By Ayo Kehinde
The Debt Management Office (DMO) has unveiled plans to raise ₦4 trillion through Federal Government of Nigeria (FGN) bond auctions in the third quarter of 2026 as it continues to finance the country’s growing budget deficit and refinance maturing debt obligations.
According to the provisional FGN third quarter 2026 bond issuance calendar released on June 29, the DMO will conduct bond auctions on July 20, August 17 and September 14. The program will involve the reopening of three existing bond instruments rather than new issues.
The July auction will offer bonds at 22.60% FGN January 2035, 16.2499% FGN April 2037 and 15.45% FGN June 2038, with offering sizes ranging from ₦400 billion to ₦600 billion for each instrument. The August and September auctions will only include January 2035 and June 2038 bonds, with offering sizes increasing to between ₦600 billion and ₦800 billion per bond.
Based on the lower end of the supply ranges, the DMO expects to raise around ₦4 trillion during the quarter.

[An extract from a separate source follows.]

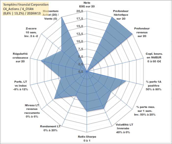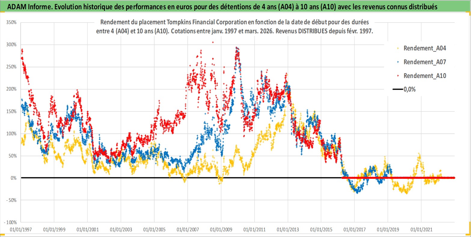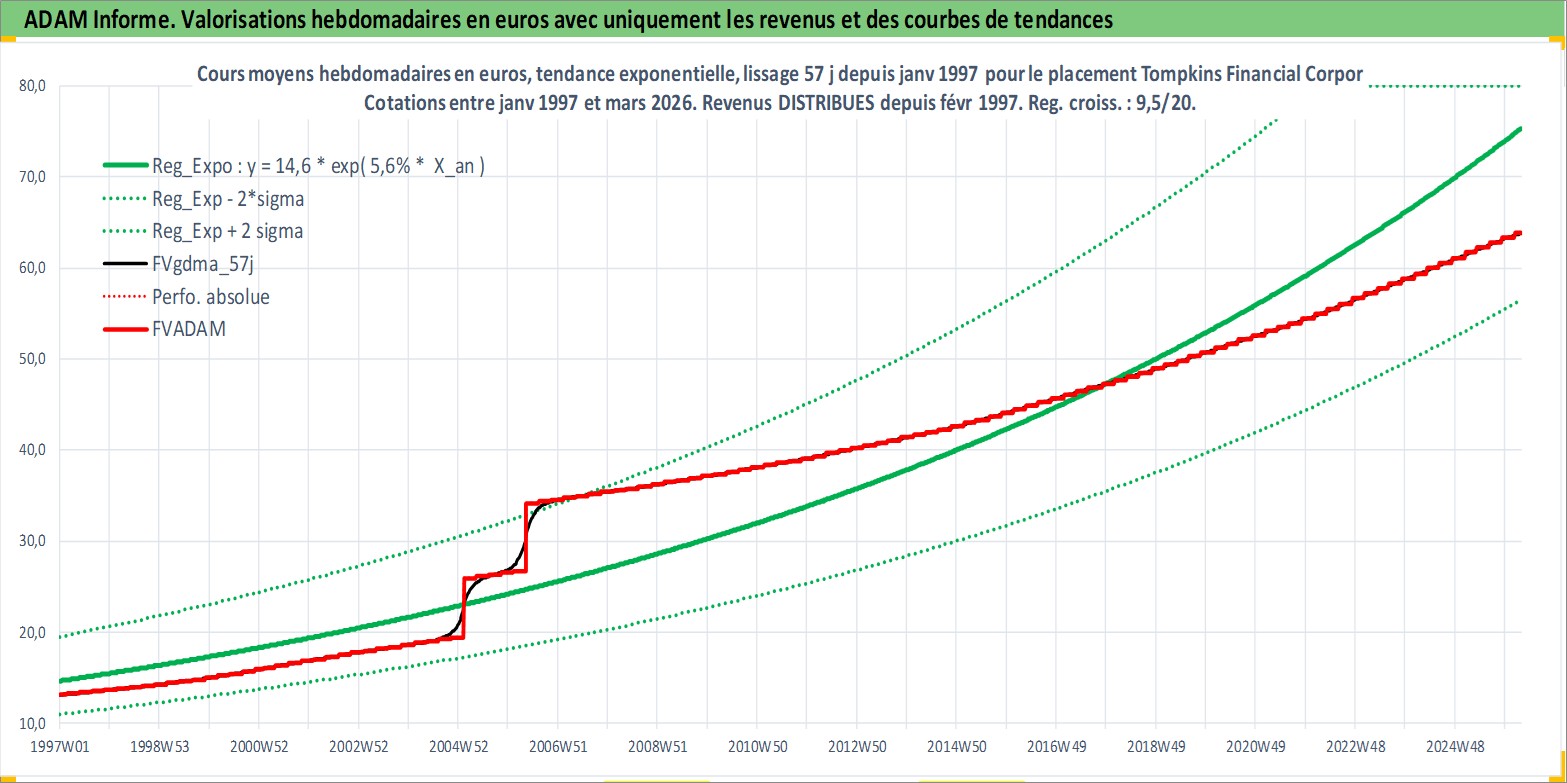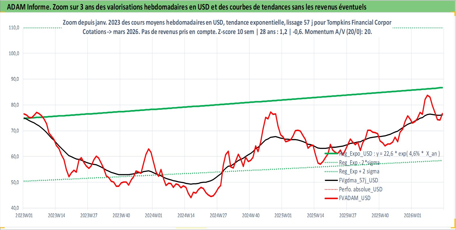 Site dédié aux investisseursPage dédiée sur site financeAnalyse des valorisations hebdomadaires de l'action Tompkins Financial Corporation. Cet actif est cote en USD. Les valorisations sont en contrevaleur EURO et couvrent les semaines 1997W01 a 2026W13. Les revenus de cet actif financier sont pris en compte depuis la semaine 1997W09. La note ESG de cet actif n'est pas connue.

The continued reopening of existing bonds reflects the agency’s strategy of increasing liquidity in benchmark securities rather than introducing new instruments. Market analysts say the approach improves price discovery, increases secondary market liquidity and supports more efficient trading.
Okwudili Ijezie & Co. founder Blakey Ijezie said the larger size of the offering suggests the DMO expects strong demand from investors amid attractive yields in the domestic debt market. Meanwhile, David Adonri, managing director at Highcap Securities, said the issuance timetable points to sustained government borrowing and could keep bond yields high as the government competes with private issuers for investment funds.
The bond program is in line with the federal government’s expanded 2026 borrowing plan of ₦29.2 trillion and underlines its strategy of extending debt maturities through medium- and long-term securities, while reducing refinancing risks.